Furthermore, all mutations were divided into tier1 and tier2. Tier1 had high confidence mutations called from bulk brain samples with the combined coverage of at least 200X. Tier2 had other mutations which were for brains of shallower coverage, of lower confidence, or made for samples representing sorted cell fractions. Most of the analyses were conducted using tier1 mutations, but some, as specified below, included tier2 mutations.

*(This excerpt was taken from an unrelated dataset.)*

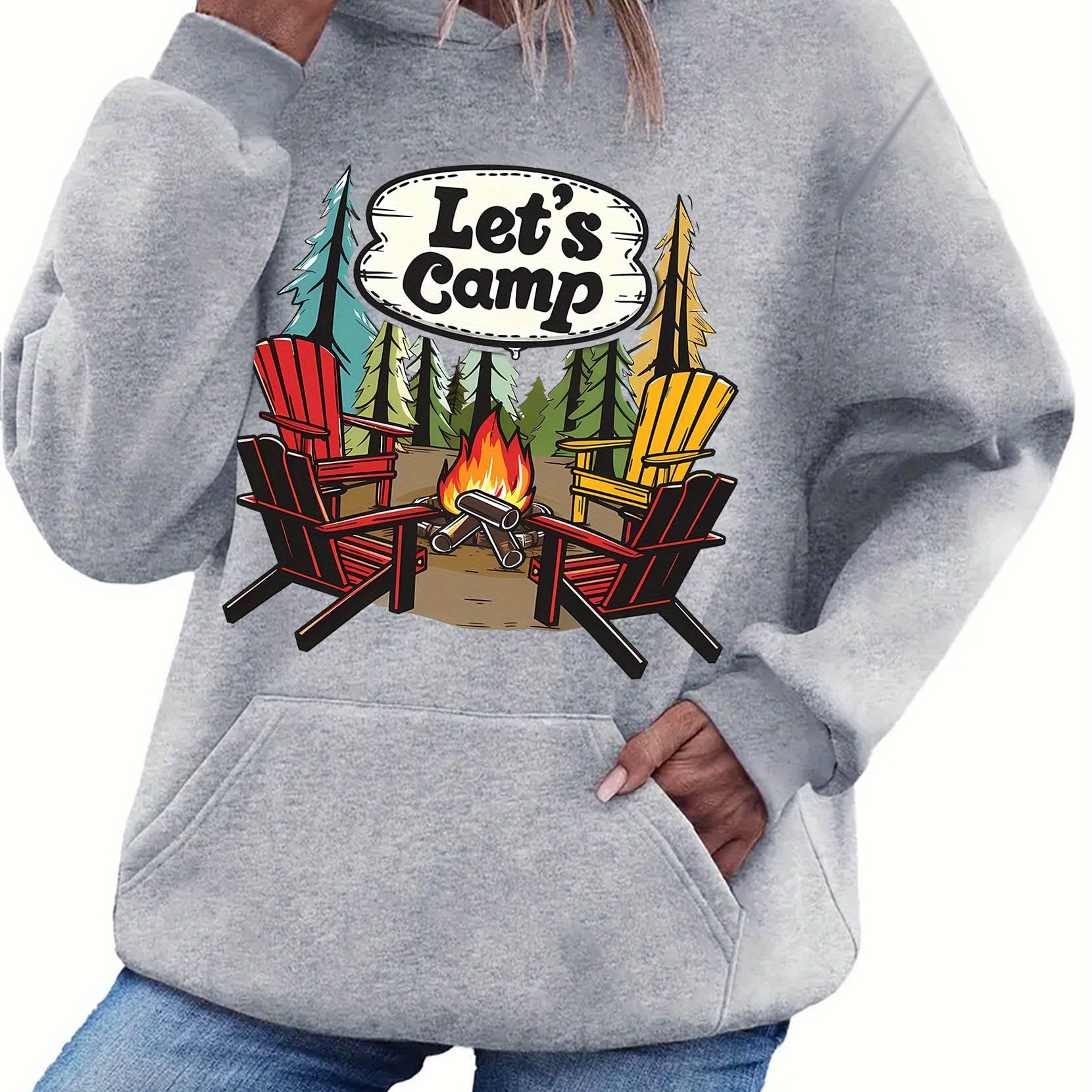 TEMU Women's Let' Graphic Hooded Sweatshirt - Cozy...
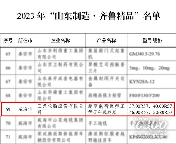 6月30日,山东省工业和信息化厅下发通知,对2023年“山东制造·齐鲁精品”名单进行公示,三角轮胎的超高载荷巨型工程子午线轮胎入选该名单。

For the same set of brains sequenced at Harvard University, the generated call set (tier1+2) was 66.2% larger than the one reported previously (6) (Fig. S1A). At the same time, we re-discovered 63.7% of all and 85.2% of validated mutations reported previously (6), suggesting more sensitive yet accurate mutation call set.
Mutation phasing to haplotypes (contributed by Taejeong Bae)
Read-backed haplotype phasing information for mosaic candidate sites of each sample (Fig. 1B) was extracted using Phasing.py, a python script of MosaicForecast (53) with the following parameters.
python MosaicForecast/Phase.py \ sample_bam_dir out_dir \ resources/hs37d5.fa input.bed 20 \ resources/hg19/k24.umap.wg.bwMutation signature analysis (contributed by Taejeong Bae)
We used a custom python script to draw mutational spectra for 6 mutation types of single base context (Fig. 1C) and for 96 mutation types of trinucleotide context (Fig 1D, S1E). Cosine similarity between two mutational spectra was calculated using the SciPy python library.
Functional annotation (contributed by Taejeong Bae)
To annotate functional consequences of discovered somatic mutations (Tables 1&2, Fig. 4A), we ran command line of Variant Effect Predictor (VEP) version 101.0 (54) with the following parameters.
vep --fork 12 --offline -assembly GRCh37 --format ensembl \ --pick --pick_order rank,canonical,biotype,ccds,length \ --sift b --polyphen b --ccds --symbol --numbers --regulatory --canonical --biotype --gene_phenotype \ --force --tab -i input_call_set.txt -o variant_effect_output.txt \ --stats_text -sf variant_effect_stats.txtWe considered missense, stop gain or loss, and splice related mutations as putative damaging mutations in our analyses. Out of two mutations in PCDH15, one in UK20119 (tier 2 mutations) was not validated by amplicon-seq and was not utilized for downstream analyses.
External datasets (contributed by Taejeong Bae)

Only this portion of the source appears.